In an effort to discover the mechanism of resistance offered by Mycobacterium tuberculosis (Mtb) toward the pyrazinamide (PZA) drug, an extensive molecular dynamics strategy was employed. PZA is a first-line prodrug that effectively cuts therapy time by 33% (from 9 to 6 months). Pyrazinamidase enzyme (PZase), encoded by the pncA gene, is responsible for the activation of prodrug PZA into pyrazinoic acid (POA). POA is toxic and potently inhibits the growth of latent Mtb even at low pH values. PZA resistance is caused by three genes pncA, rpsA, and panD. Among them, the pncA gene contributes 72-99% to the resistance. Hence, the present study focused on the novel mutations N11K, P69T, and D126N in the pncA gene. In the present study, the possible mechanism of these three mutations was studied through molecular dynamics simulation and docking techniques. Our in-depth analysis and results are in strong agreement with our experimental observation. The binding pocket analysis showed that mutations decrease the volume of the active site and hinder the correct orientation of PZA drug in the active site. Moreover, the Patchdock score was found to be low as compared to WT showing the disturbance of shape complementarity between PZase and PZA drug. These mutations were found to disturb the position of the Fe ion. Among the mutations, D126N allosterically disturbed the position of the Fe ion. MMGBSA analyses showed that these mutations decrease the binding affinity toward the PZA drug. In conclusion, mutations N11K, P69T, and D126N result in weak binding affinity with PZA and also cause significant structural deformations that lead to PZA resistance. This study provides useful information that mutations in other than active parts may also cause protein folding and ligand displacement effects, altering the biological functions.

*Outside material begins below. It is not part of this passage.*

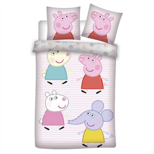 Framsidan »Sängkläder » Sängkläder för barn » Sängkläder för Barn 140x200 cm Gurli Gris sengetøy 140x200 cm - Gurli, Karina, Frida och Emilie sengesett - Vändbart sänglinne i 100% bomull Spara23% Licens 499,00385,00SEKSpara 114,- I lager Trustpilot Antal Lägg i varukorgen Se mer från: Licens Artikelnummer:1586-1 Läs vår sängklädsguide Se vårt stora utbud av lakan Se vårt stora utbud av täcken 140x200 Har du frågor om produkten? Hög andningsförmåga100% mjuk bomullOEKO-TEX® certifierad Påslakan: 140x200 cm Kuddfodral: 60x63 cm Material: 100% mjuk bomull Färg: Ljusrosa Motiv: Gurli Gris och vännerna Design: Vändbar - Framsida med Gurli Gris och vännerna, baksida med mini-motiv Stängning: Påslakan med knappar, kuddfodral med överlapp Tvätt: 60° Torktumling: Ja Tål strykning: Ja Certifiering: STANDARD 100 by OEKO-TEX® (2012PK0016). Din garanti för att produkten är fri från skadlig kemi. Bomullssengesett med design av Gurli Gris och hennes vänner. Producerat med lätta och andningsbara bomullstrådar som ger sengesettet en känsla av mjukhet, vilket gör att täcket känns behagligt för ditt barn att sova med. Balansen mellan naturliga egenskaper och komfort från det mjuka materialet, kombinerat med den söta designen, gör detta set till en säker favorit hos ditt barn. Sängkläder med den lilla, glada och ljusrosa Gurli Gris och tre av hennes bästa vänner, Karina Kanin, Frida Får och Emilie Elefant. Sengesettet är vändbart och har på baksidan ett fint all-over tryck av vännerna. Alla Gurli Gris-fans kommer att njuta av att krypa ner med detta sengesett. Det är alltid en bra idé att använda barnets intressen för att skapa en tryggare och mer spännande sovmiljö för barnet. Sengesettet är tillverkat i 100% mjuk bomull som gör setet slitstarkt och med hög andningsförmåga. Den rena bomullskvaliteten ger ett härligt och mjukt sengesett som bidrar till att främja sovkomforten för barnet. Bomullssängkläder kan tvättas i 60° i tvättmaskin, vilket också hjälper till att hålla en hög hygiennivå. Sängkläderna är dessutom OEKO-TEX certifierade, vilket är din garanti för att setet är fritt från skadlig kemi. Gå på jakt efter favoriterna och mycket mer i vårt stora utbud av tillbehör till barnuniversum För barnet bör sängen vara en trygg plats och alla element ska tillsammans skapa mjuka och härliga omgivningar där barnet kan finna ro. Använd därför gärna barnets intressen för att skapa ett tryggt sovrum för barnet. Hos oss kan du hitta ett stort utbud av tillbehör till sängen och barnrummet, från övermadrasslakan till täcken, kuddar, sängkläder och mycket mer, samt massor av produkter med alla barnens favoriter på. Alla dessa element kan bidra till att skapa rätt sovmiljö och rum för ditt barn. Här kan du hitta fina och mjuka kvalitetslakan Tillbaka till Sängkläder för Barn 140x200 cm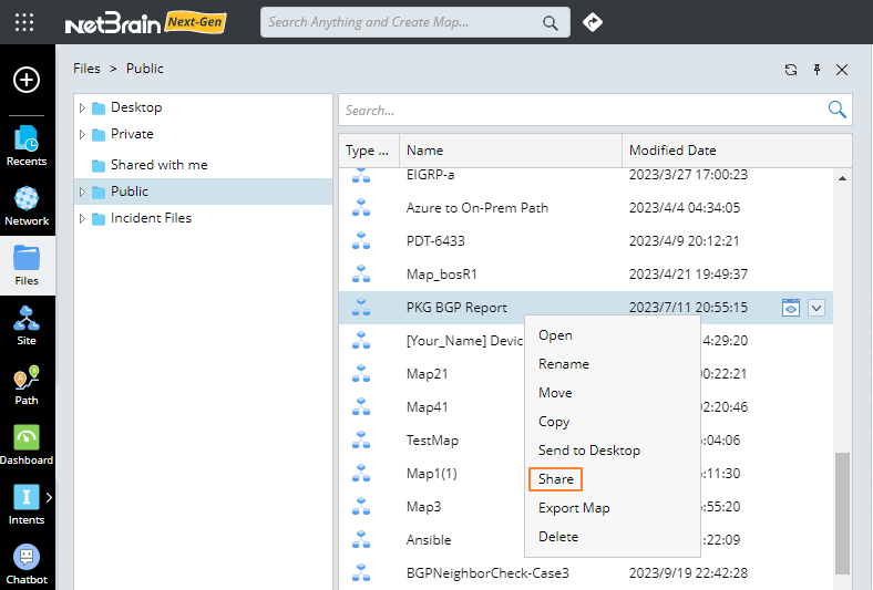 - Locate the target map or dashboard file, right-click it and then select Share from the drop-down menu.

为了探究结核分枝杆菌(Mtb)对吡嗪酰胺(PZA)药物产生耐药性的机制,我们采用了广泛的分子动力学策略。PZA 是一种一线前药,能将治疗时间从 9 个月缩短至 6 个月,有效减少 33%的治疗时间。吡嗪酰胺酶(PZase)由 pncA 基因编码,负责将前药 PZA 激活为吡嗪酸(POA)。POA 具有毒性,即使在低 pH 值下,也能强烈抑制潜伏性 Mtb 的生长。PZA 耐药性是由 pncA、rpsA 和 panD 三个基因引起的。其中,pncA 基因对耐药性的贡献为 72%-99%。因此,本研究主要关注 pncA 基因中的新型突变 N11K、P69T 和 D126N。在本研究中,通过分子动力学模拟和对接技术研究了这三种突变的可能机制。我们的深入分析和结果与实验观察结果高度一致。结合口袋分析表明,这些突变降低了活性位点的体积,阻碍了 PZA 药物在活性位点中的正确定向。此外,与 WT 相比,Patchdock 评分较低,表明 PZase 与 PZA 药物之间的形状互补性受到干扰。这些突变被发现干扰了 Fe 离子的位置。在这些突变中,D126N 变构地干扰了 Fe 离子的位置。MMGBSA 分析表明,这些突变降低了与 PZA 药物的结合亲和力。总之,N11K、P69T 和 D126N 突变与 PZA 的结合亲和力较弱,并且还导致显著的结构变形,导致 PZA 耐药性。本研究提供了有用的信息,即除了活性部位之外的突变也可能导致蛋白质折叠和配体位移效应,改变生物功能。